There was also an association to rs657152 in ABO, and SNP that is in LD (R2=0.98) with rs8176719, which tags the O blood group28. The A allele of rs657152 (Table 2) tags the non-O blood groups and we found rs657152-A to be associated with lower levels of estradiol, indicating that individuals with a non-O blood group have lower levels of estradiol compared to individuals with the O blood group. Two associations on chromosome 4 and 5 respectively, mapped to UGT2B7 (rs7662029) and UGT3A1 (rs1073548).
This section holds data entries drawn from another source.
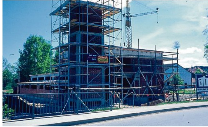
1973: Während der Bauarbeiten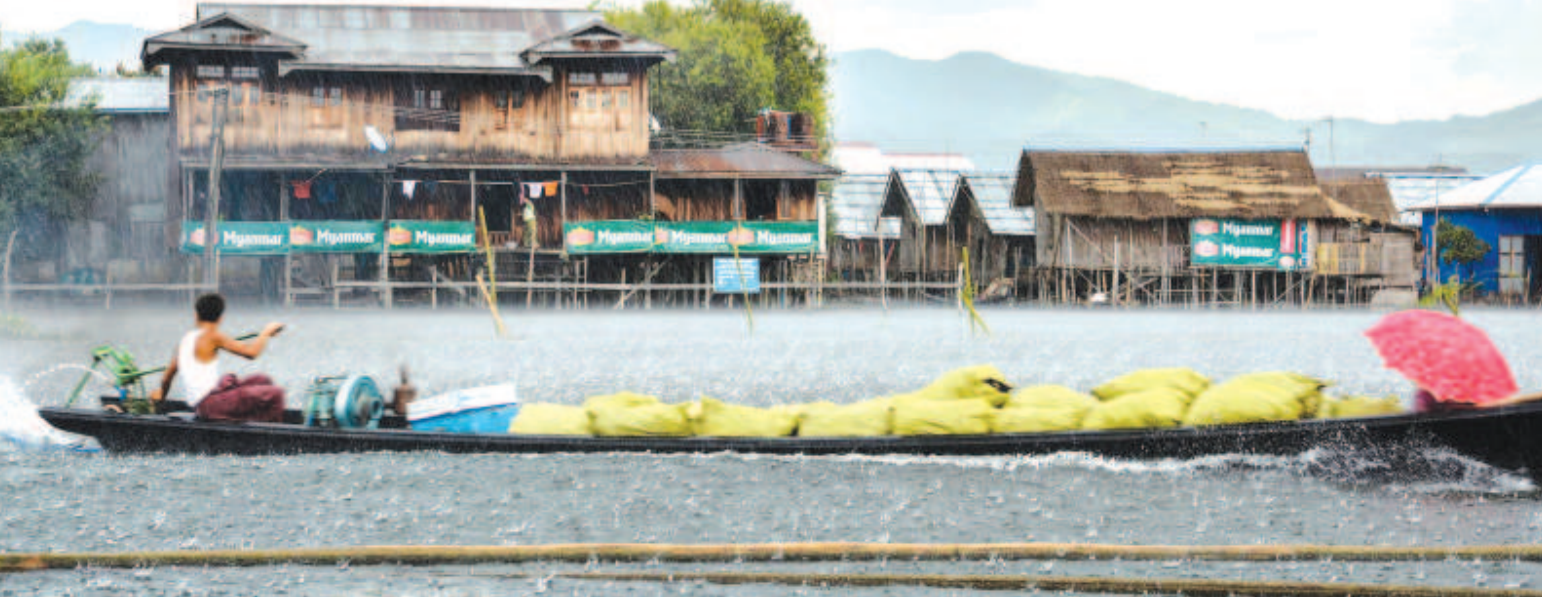
ইনলে লেকপু চংথোক-চংশিনগী পাম্পে ওইনা শীজিলবা।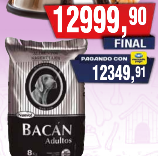
AL.ANIM BACAN MORD.PEQ. x10 kg Pcio.x kg/l: 1299,99 Cod: 18310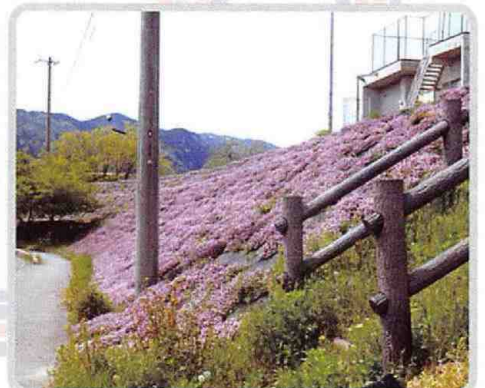
タイムロンギカウリス開花 (4/28)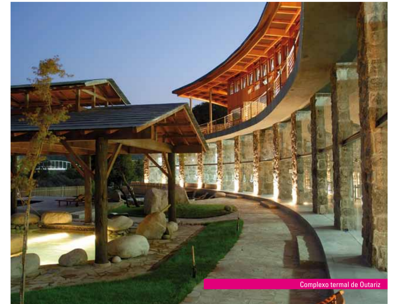
Complexo termal de Outariz

Seguindo a rota marcada, os nosos pasos levámonos até a fonte do Tinteiro; onde un sempre se sorprende polo gran número de persoas que acoden atraído polas súas supostas bondades curativas. Son, sen dúbida, as caldas de maior tradición da cidade, da que din os veciños que ten máis ourensanía . A partir de aquí aconsellamos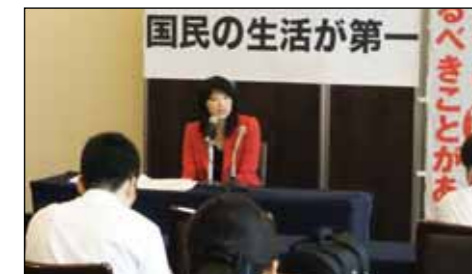
民主党離党、「国民の生活が第一」入党の記者会見をホテルメトロポリタン高崎にて行いました。[2012年7月13日]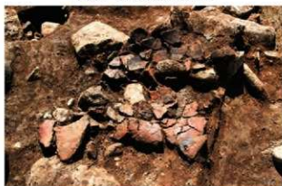
S11089 床面遺物出土状況(北から)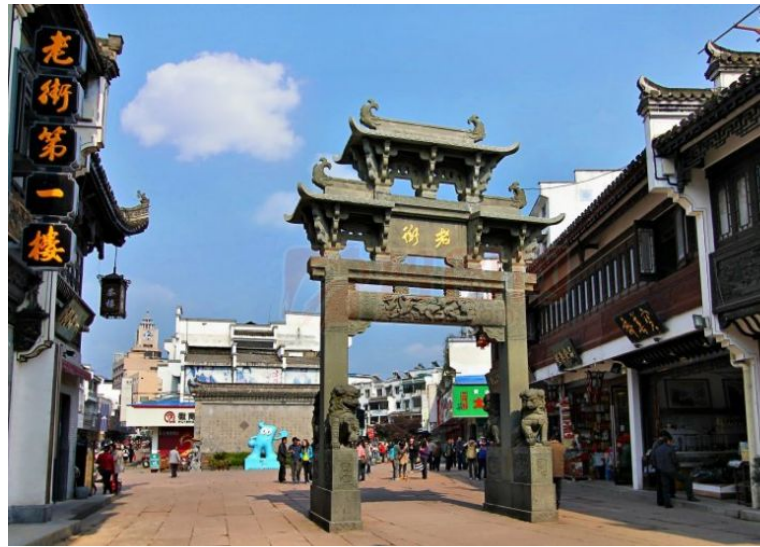
徽州古道-屯溪老街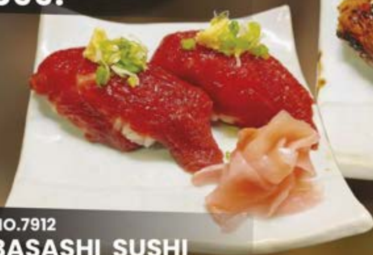
NO.7912 BASASHI SUSHI 159.-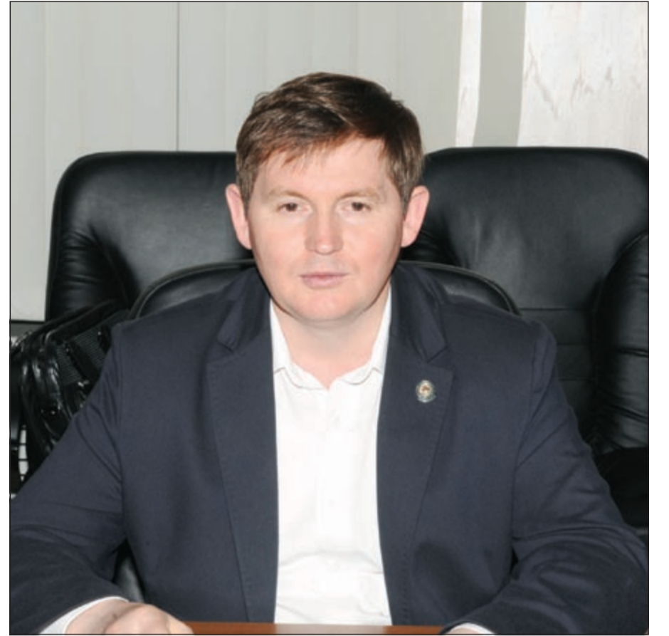
رئيس هيئة تطوير الاستثمار في جمهورية تاتارستان لينار ياكوبوف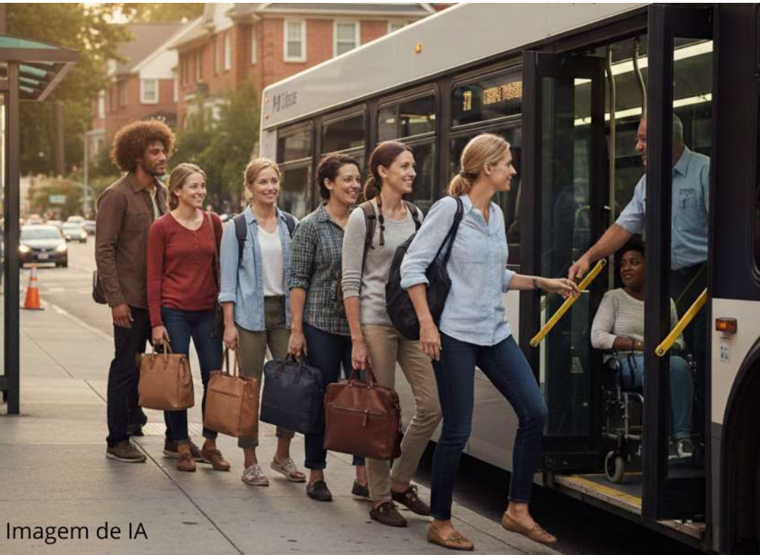
Imagem de IA

A Diretoria Municipal de Educação de Guaíra abre, na próxima segunda-feira (2), as inscrições presenciais para o Auxílio Transporte do primeiro semestre de 2026. O benefício é destinado a estudantes matriculados em cursos técnicos e superiores. Os candidatos têm de 2 a 23 de fevereiro, prazo considerado improrrogável, para entregar a documentação completa na sede da Diretoria. O atendimento será das 8h às 18h. Uma vez que o processo demanda uma quantidade significativa de documentos, a recomendação é que os estudantes não deixem a entrega para a última hora. A lista exigida é rigorosa e inclui cópias de RG, CPF, comprovante de residência atualiza-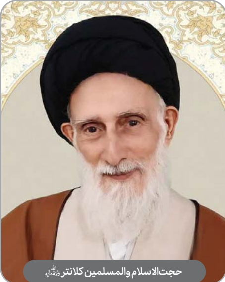
حجت‌الاسلام والمسلمین کلانتر رحمته‌الله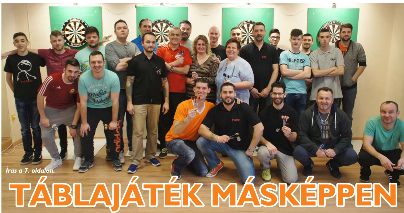
Írás a 7. oldalon.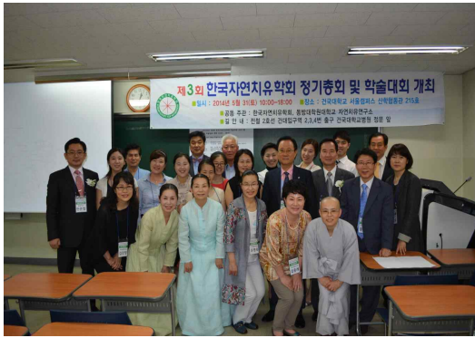
2014년도 총회 모습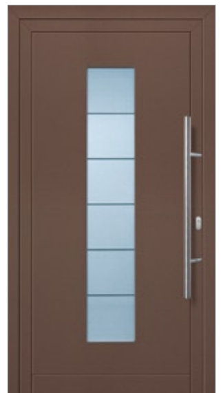
Modell Finnja Aluminium-Füllung Marone CH 607 mit Isolier-Glas: außen Float klar innen Float sandgestrahlt mit klaren Streifen Edelstahlgriff 214

UGT3A1 and UGT2B7 are glucuronosyltransferases, which are enzymes that catalyze the glucosidation of lipophilic chemicals, facilitating their elimination29. Another lead SNP mapped to SULT2A1, which encodes a sulfotransferase which is believed to be important for sex-steroid biosynthesis by sulfating hydroxylated steroid hormones and bile acids30. Another lead SNP on chromosome 14 is a missense variant in FKBP4, which encodes the protein FKBP52 that has been suggested to be involved in the formation of steroid hormone nuclear receptors that regulate hormone levels31.
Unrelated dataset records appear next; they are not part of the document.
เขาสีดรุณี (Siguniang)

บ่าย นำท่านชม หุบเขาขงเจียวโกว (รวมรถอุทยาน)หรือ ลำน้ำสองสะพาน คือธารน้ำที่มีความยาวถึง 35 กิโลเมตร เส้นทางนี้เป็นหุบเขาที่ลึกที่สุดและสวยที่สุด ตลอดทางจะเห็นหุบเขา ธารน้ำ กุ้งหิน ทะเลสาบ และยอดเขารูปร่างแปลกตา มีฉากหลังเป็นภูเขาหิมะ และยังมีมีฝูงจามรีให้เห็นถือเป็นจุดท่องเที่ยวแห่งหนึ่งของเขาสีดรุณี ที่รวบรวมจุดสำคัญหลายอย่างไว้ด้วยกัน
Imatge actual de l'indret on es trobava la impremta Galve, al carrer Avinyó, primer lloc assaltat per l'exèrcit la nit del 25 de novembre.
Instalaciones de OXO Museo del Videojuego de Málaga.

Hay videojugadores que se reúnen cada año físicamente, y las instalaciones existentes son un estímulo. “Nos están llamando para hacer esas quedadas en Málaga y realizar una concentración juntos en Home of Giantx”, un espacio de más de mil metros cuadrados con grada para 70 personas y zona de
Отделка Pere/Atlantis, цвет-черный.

The remaining lead SNPs from the GWAS in males were mapped to loci with less clear links to estradiol metabolism. These include one lead SNP (and one conditional SNP) in a locus with a cluster of genes, including IGHV3-7 and IGHV6-1, that encodes parts of immunoglobulin heavy chains that participates in the antigen recognition. Another lead SNP is located in RBBP8 which encodes Retinoblastoma-binding protein 8 (RBBP8, CtIP), an endonuclease involved in the repair of double-stranded DNA breaks through homologous recombination as well as regulation of G2/M cell-cycle checkpoints as part of the BRCA1-RBBP8 complex32. Variation in RBBP8 genotype and regulation has been reported in multiple types of cancer33,34. A third SNP was a missense variant in LINC01324, a lncRNA which has been established as a predictor for melanoma progression35.
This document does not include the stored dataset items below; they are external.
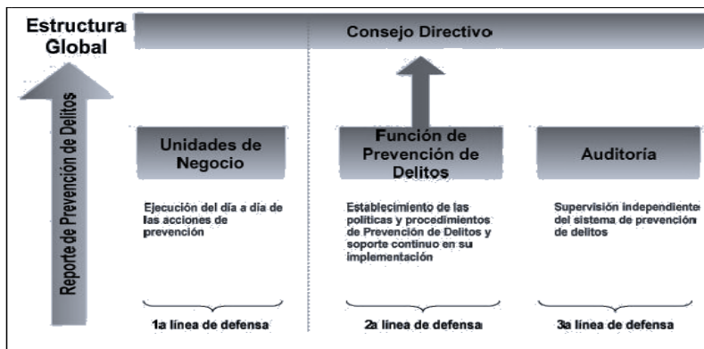
Figura N° 2: Estructura funcional del Sistema de Prevención de Delito

Se ha determinado la estructura funcional del Sistema de Prevención de Delitos de acuerdo a un modelo de tres líneas de defensas representado en la siguiente figura: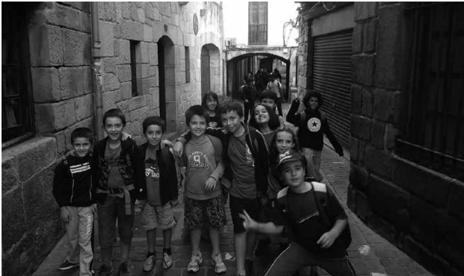
Udarregi ikastolako LH4ko ikasleak, Pasaian.

L augarren mailako ikasleok gure eskualdea ezagutzen aritu gara. Hori dela eta, Pasaia portuan izan gara hau bertatik hobeto ezagutzen. Egundua ederra pasatzeaz gain, portuari buruzko zenbait gauza interesgarri eza-gutu ahal izan ditugu eta, zuei ere interesatuko zaizuelakoan, hemen duzue han ikusi eta jasotako guztia: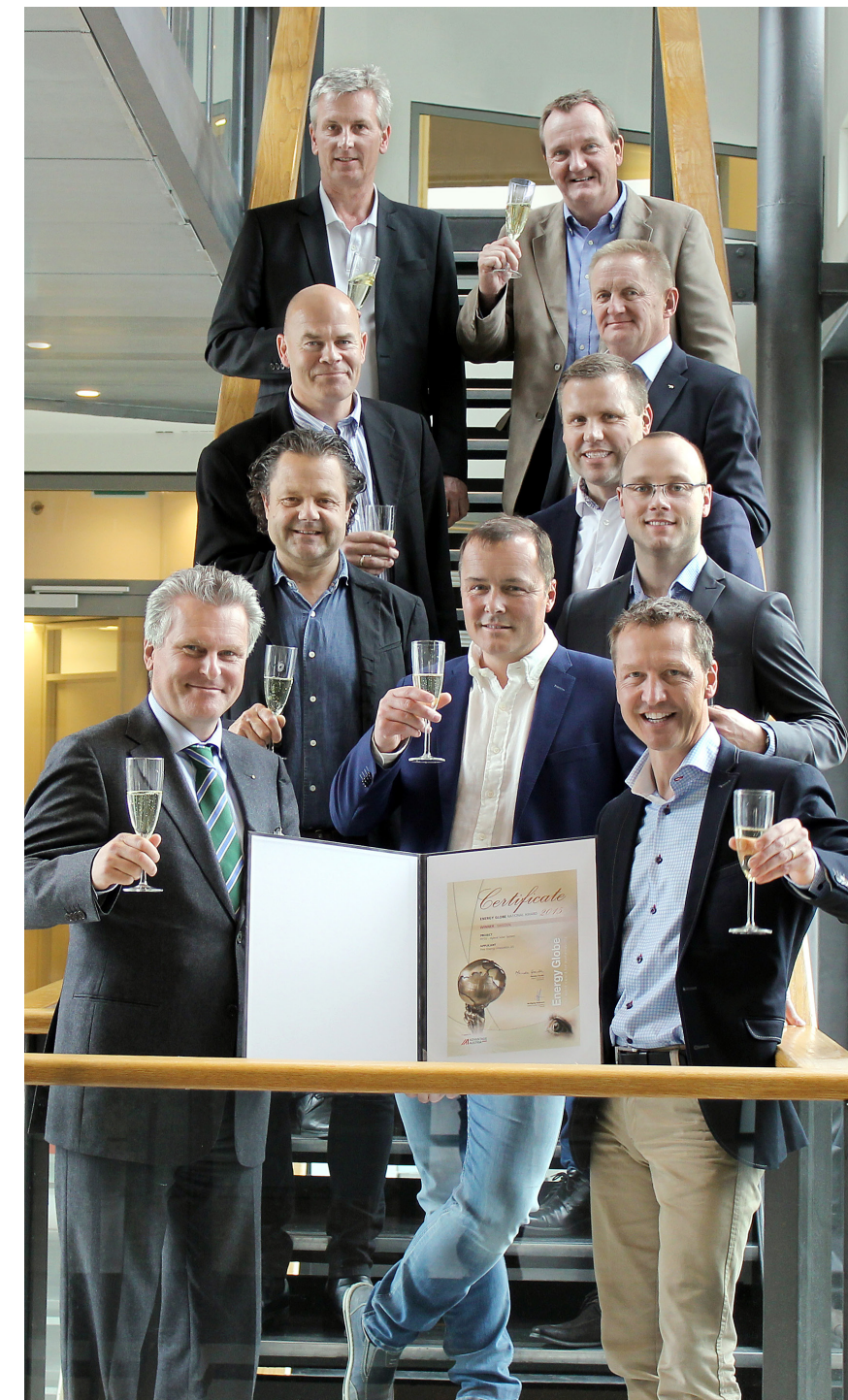
Free Energy teamet feirer utmerkelsen Energy Globe Award

den nye hybridløsningen er den mest moderne og den ræste varmepumpen på markedet.

The lead SNP that was only significant in females (rs16991615, Table 2), is a missense variant located in MCM8. MCM8 codes for a DNA helicase, which is involved in the repair of double-stranded DNA breaks and recombination36. Even though very few genome-wide significant SNPs were identified in women, eight out of 14 of the loci that were genome-wide significant in males, were at least nominally associated in females as well (P < 0.05), and with the same direction of effect (Figure 3). Especially the genes with functions related to hormone metabolism; UGT2B7, UGT3A1, CYP3A7, CYP19A1, SRD5A2, and SHBG replicated in females, but also IGHV3-7 and ABO.
Sensitivity analysis
Even though the primary aim of the sensitivity analyses was to further verify the associations from the primary GWAS, we did perform GWAS with the different sets of covariates/strata in the sensitivity analyses as well. However, no additional genome-wide significant locus was identified. The effects of the findings from the primary analyses changed somewhat. When stratifying females into pre- and post-menopause there was one locus, CYP3A7, with a significant difference in the OR between the two strata (Supplementary Table S137, Figure 3). For CYP3A7, the largest effect was seen in postmenopausal women OR = 0.703 (0.642 - 0.770), followed by males OR= 0.811 (0.758 - 0.868), and then premenopausal OR = 0.907 (0.837 - 0.984).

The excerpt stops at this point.